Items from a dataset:

◆ ◆ ◆

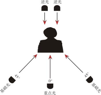造型式布光法即局部式布光法。这是一种非常简单明了的布光方法(见图1-49),国内的演播室中尚不多见。它的主光往往是两台成像灯,通常置于摄像机上方。
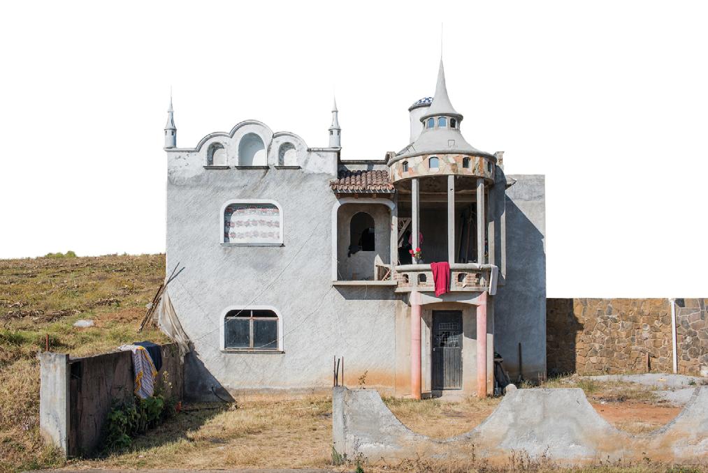 The picture above is the scene when Guinea moved. The line between clothing and shelter is as blurred as that between a raincoat and a small tent. An empty basket can be used as a cover that snaps on to the structure, and a portable roof can also be used as an umbrella and vice versa.
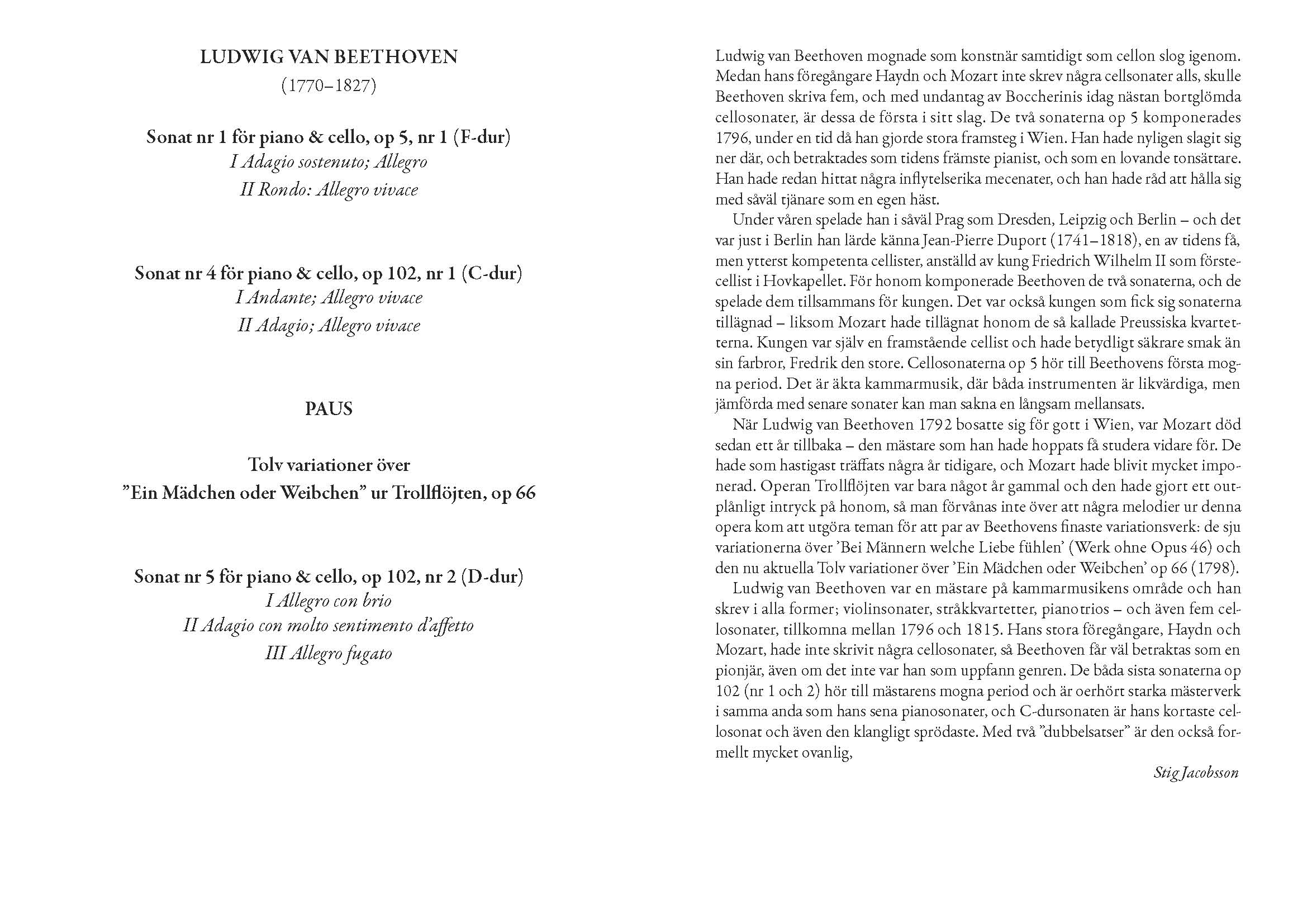 Andreas Brantelid- cello, Peter Friis Johansson- piano Lördag 24 januari 2009 Tångaskolans aula |
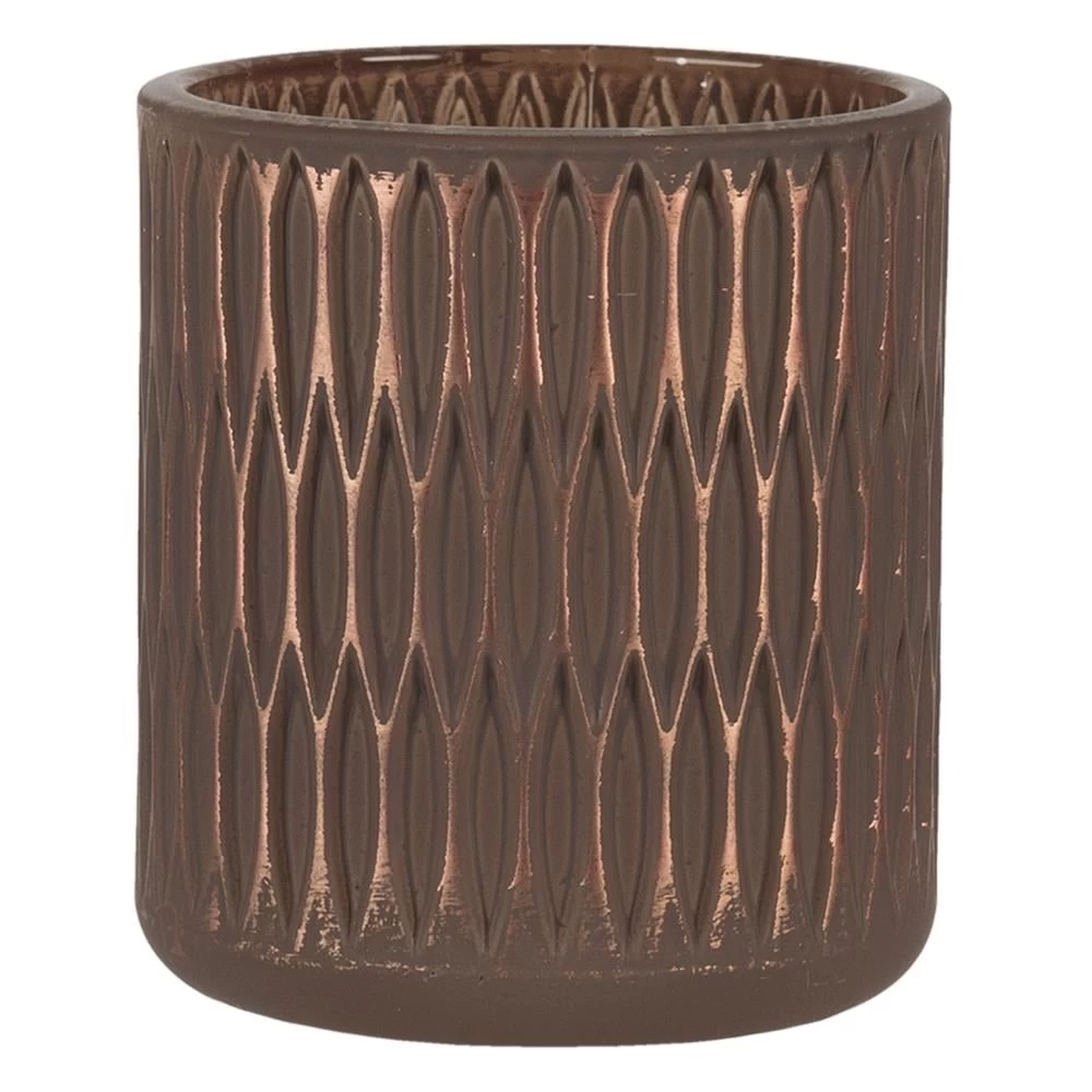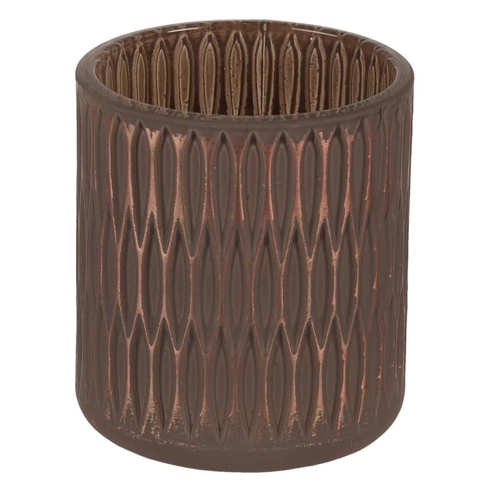 Clayre & Eef Theelichthouder Ø 8×9 cm Bruin Glas Rond
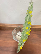 Patti of PK Designs starts the holiday season with a large votive holder in the shape of a tree. Using colored glass, frit, stringers, Glass Line Paints, and glass dots you will create your own tree design, approx. 7" high. Inspiration cards & samples are available to boost your creativity. The votive holder will then be taken off site to fired and a square glass votive holder will be added on the back. The completed projects will be returned to the store within 2 weeks. All glass, tools, instruction, and battery operated votive candle are included.
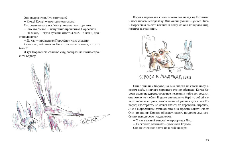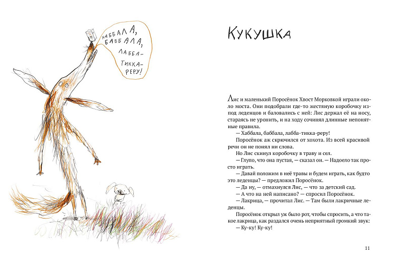 В первой книжке из серии историй о Лисе и Поросёнке мы знакомимся с ними и с другими удивительными персонажами. А кажется, что мы знакомы уже давно: с места в карьер, с первой же страницы, мы отправляемся с героями на поиски кукушки, которая исполняет любые желания, скачем верхом на королевской плюгавой, спасаем урожай редиски от вредной акулиски — грозы огородов, ищем драгоценные лисумруды и поросяхонты и притворяемся французским зелёным жаворонком, чтобы раздобыть йогурт с дыней.
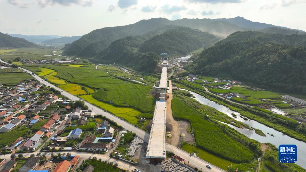 8月25日拍攝的沈白高鐵新賓隧道出口(無(wú)人機照片)。
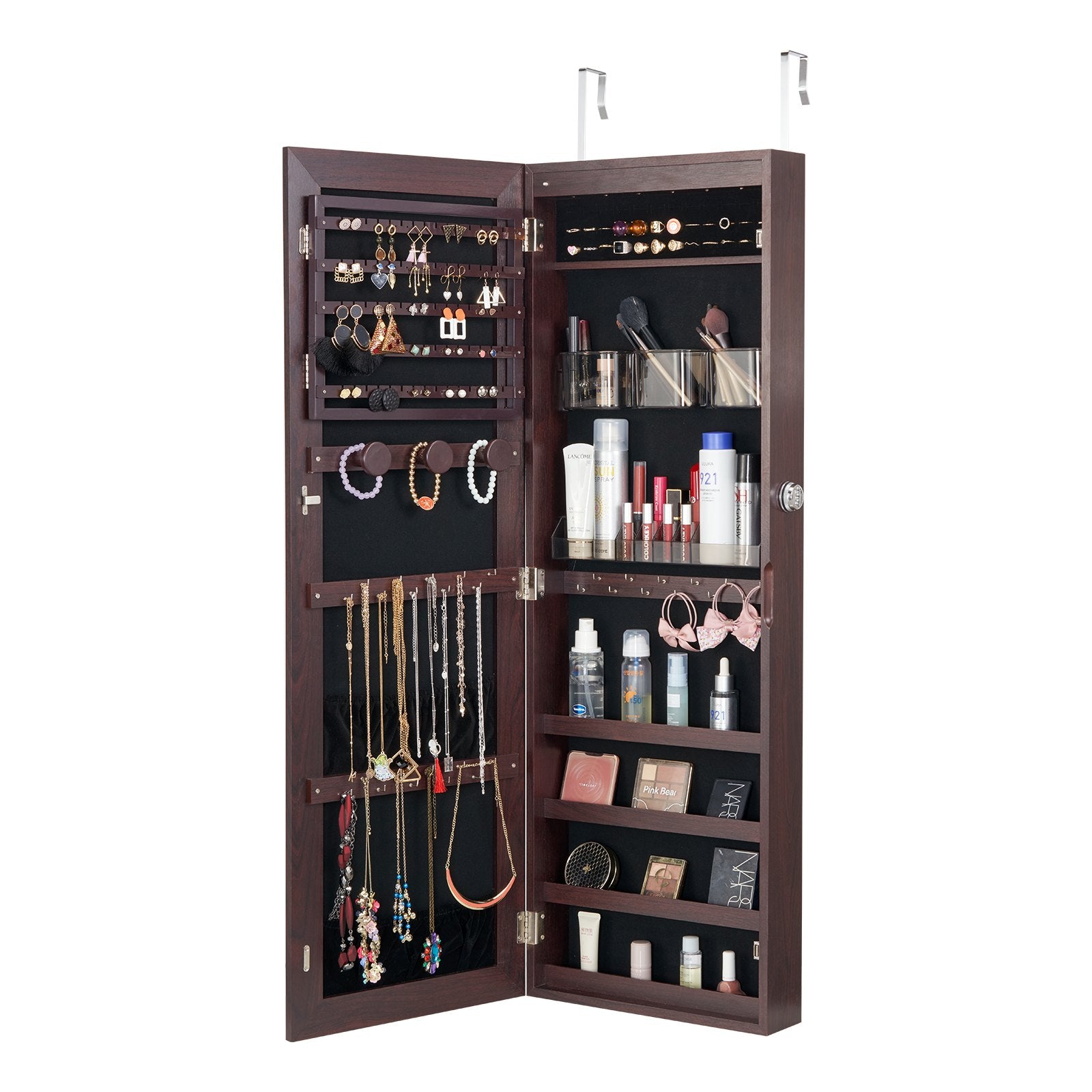 Spegel Smyckesskåp 42,52 tum Låsbar vägg- eller dörrmonterad Armoire Brun
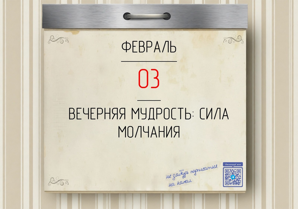 В завершение дня, посвящённого преподобному Максиму Греку, обратимся к его собственному наставлению: «…Возлюби молчание, боясь той многогрешной пропасти, в которую влечет необузданный язык». Эта глубокая мысль напоминает нам о великой духовной и практической силе воздержания в слове. В православной аскетике молчание (исихия) — это не просто отсутствие речи, а собирание ума, охрана сердца от пустословия, осуждения и гнева. Именно в тишине рождается подлинная молитва и ясность мысли. В контексте нашей повседневности этот совет звучит удивительно современно: осознанно относиться к своим словам, давать себе паузу перед ответом, ценить тишину как источник внутреннего мира. Вечер — самое подходящее время, чтобы «унять» внутренний диалог, отложить суетные разговоры и обратиться к тихому размышлению или молитве. Пусть этот вечер будет тихим и глубоким. Доброй ночи! Поделись этой мудрой цитатой. #ВечерниеРазмышления #ДуховнаяМудрость Подписаться https://t.me/+NbMdPCbn1F40Y2Ni
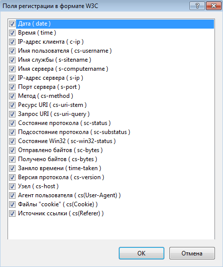 Расширенный формат файла журнала W3C используется по умолчанию для служб IIS. Это настраиваемый текстовый формат на базе ASCII. С помощью диспетчера IIS можно выбрать поля, которые требуется включить в файл журнала.
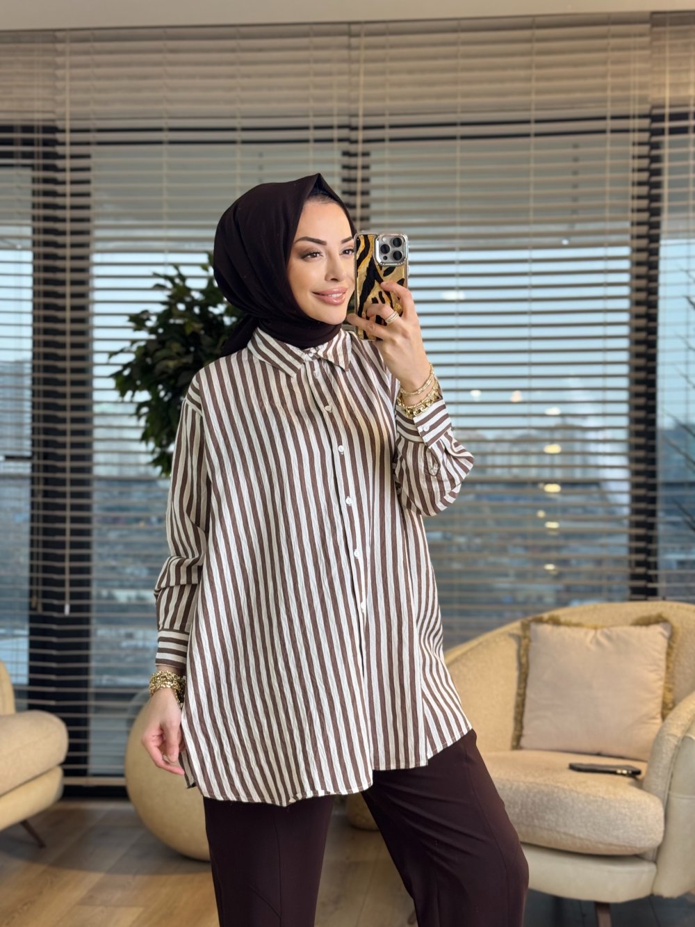 3311 Simli Kalın Çizgili Gömlek Kahve
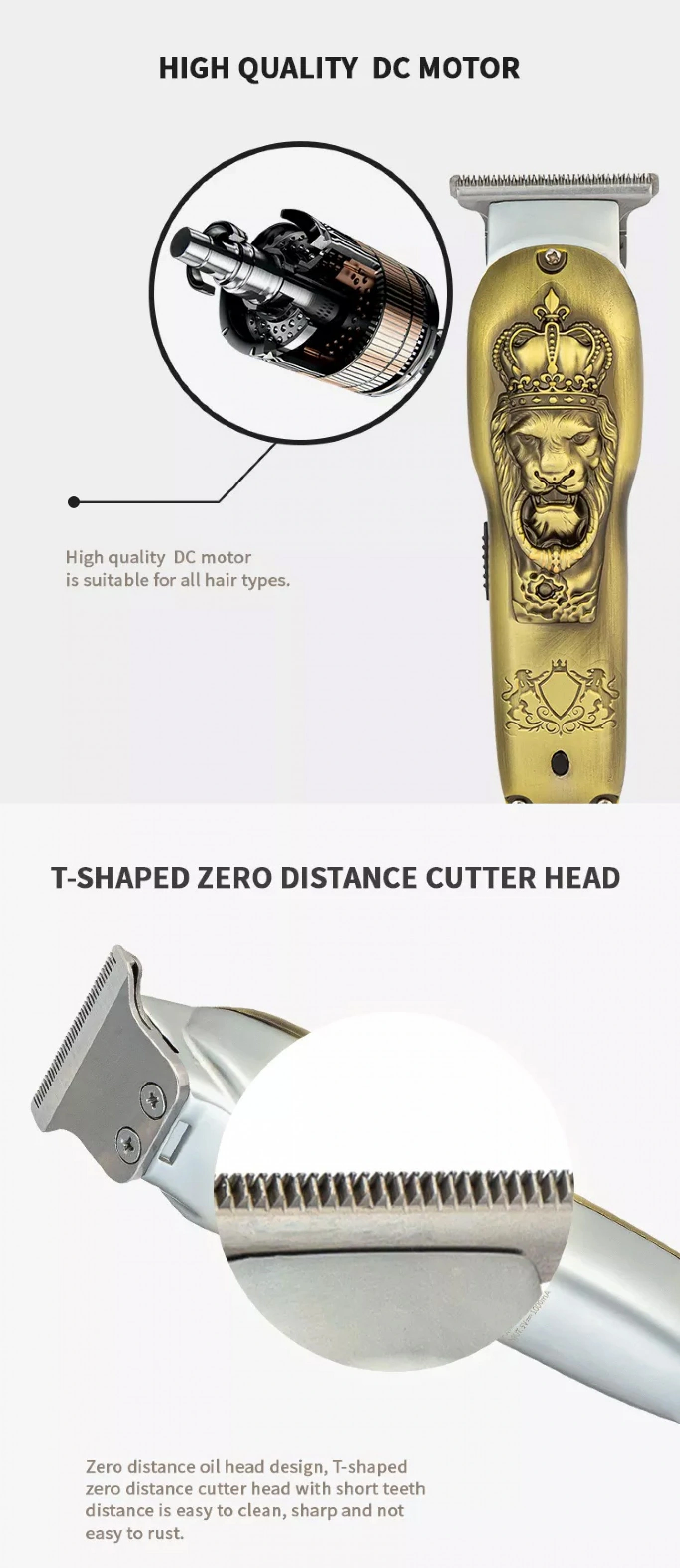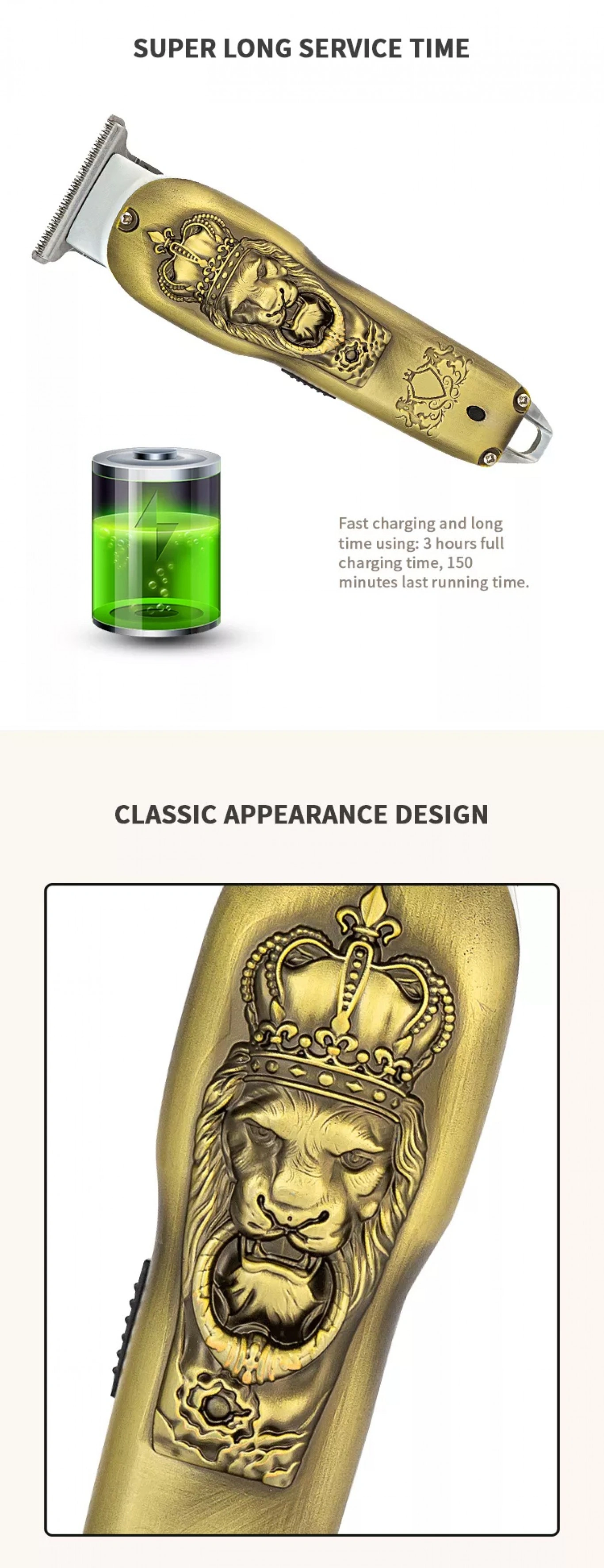 Μία εντυπωσιακή κουρευτική μηχανή με ιδιαίτερο ανάγλυφο σχέδιο, και αποτελέσματα επαγγελματικού επιπέδου.✔️ Ρυθμιζόμενο μήκος κοπής, για ξύρισμα και τριμάρισμα σώματος, μαλλιών και μούσια, με απόλυτη ακρίβεια και ασφάλεια.✔️ Φορτίζει γρήγορα και η μπαταρία έχει μεγάλη διάρκεια.✔️ Εξοπλισμένη με υψηλής ποιότητας λεπίδες που δεν σκουριάζουν.✔️ Πανέμορφος σχεδιασμός με ανάγλυφο λιοντάρι.

◆ ◆ ◆

Print, exactly as written, the lines above from the first one to the one containing "Andreas Brantelid- cello, Peter". Leave out pictures.

造型式布光法即局部式布光法。这是一种非常简单明了的布光方法(见图1-49),国内的演播室中尚不多见。它的主光往往是两台成像灯,通常置于摄像机上方。
 The picture above is the scene when Guinea moved. The line between clothing and shelter is as blurred as that between a raincoat and a small tent. An empty basket can be used as a cover that snaps on to the structure, and a portable roof can also be used as an umbrella and vice versa.
 Andreas Brantelid- cello, Peter Friis Johansson- piano Lördag 24 januari 2009 Tångaskolans aula |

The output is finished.